Susie and Jody
*Butterbeans and Susie are celebrated on this date in 1917. They were a Black 20th-century comedy Vaudeville team.
They were comprised of Jodie Edwards and Susie Edwards (née Hawthorne). They married in 1917 and performed together until the early 1960s. Their act, a combination of marital quarrels, comic dances, and racy singing, proved popular on the Theatre Owners Booking Association (TOBA) tour. They later moved to vaudeville and appeared with the blackface minstrel troupe, the Rabbit's Foot Company. Edwards began his career in 1910 as a singer and dancer. Hawthorne performed in the Black Theater. The two met in 1916 when Hawthorne was in the chorus of the show Smart Set. They married onstage the next year.
The two began performing as a comic team. Butterbeans and Susie's act played up the differences between the two. Susie wore elegant dresses and presented an air of composure and sexiness. Butterbeans, in contrast, played the fool with his too-small pants and bowler hat, bow tie, tailcoat, and floppy shoes. He was belligerent: "I'd whip your head every time you breathe; rough treatment is exactly what you need." However, his pugnaciousness was belied by a happy demeanor and an inability to resist Susie's charms.
One of their more popular numbers was "A Married Man's a Fool If He Thinks His Wife Don't Love Nobody but Him." The act was risqué at times.

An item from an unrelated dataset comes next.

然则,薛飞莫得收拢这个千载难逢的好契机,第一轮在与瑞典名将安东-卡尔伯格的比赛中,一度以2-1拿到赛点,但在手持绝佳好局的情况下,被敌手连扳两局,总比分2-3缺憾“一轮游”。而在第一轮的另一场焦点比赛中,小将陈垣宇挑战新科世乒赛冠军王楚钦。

One of their more popular comic songs was Susie's saucy "I Want a Hot Dog for My Roll." The song accompanied Susie's provocative dancing and Butterbeans’ call-and-response one-liners: "My dog's never cold!" "Here's a dog that's long and lean."

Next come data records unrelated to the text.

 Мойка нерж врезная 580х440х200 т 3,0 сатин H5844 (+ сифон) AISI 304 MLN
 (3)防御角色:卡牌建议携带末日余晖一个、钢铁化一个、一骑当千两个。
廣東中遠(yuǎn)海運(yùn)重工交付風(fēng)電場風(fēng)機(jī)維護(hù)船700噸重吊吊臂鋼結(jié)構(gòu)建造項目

The act usually ended with a song by Susie that showed that the two were happily married, followed by Butterbeans’ trademark song-and-dance number, "The Heebie Jeebies" or "The Itch." Butterbeans thrust his hands into his pockets during this dance and began to scratch himself in time with the music. As the tempo increased, he pulled the hands back out and scratched the rest of his body. According to Stearns, this was the moment when the audience "flipped." As a comedy duo, they discovered Mom’s Mabley.
Their act endured for more than 40 years, and after the death of Susie in 1963, her daughter stepped in to keep the act going well up into the 1960s until finally, Butterbeans walked on stage to begin his routine in 1967 and fell over dead. It was quite a fitting finale for someone so captivated to perform. They lived long enough to perform with Motown recording artists on Showtime at the Apollo Theatre in Harlem.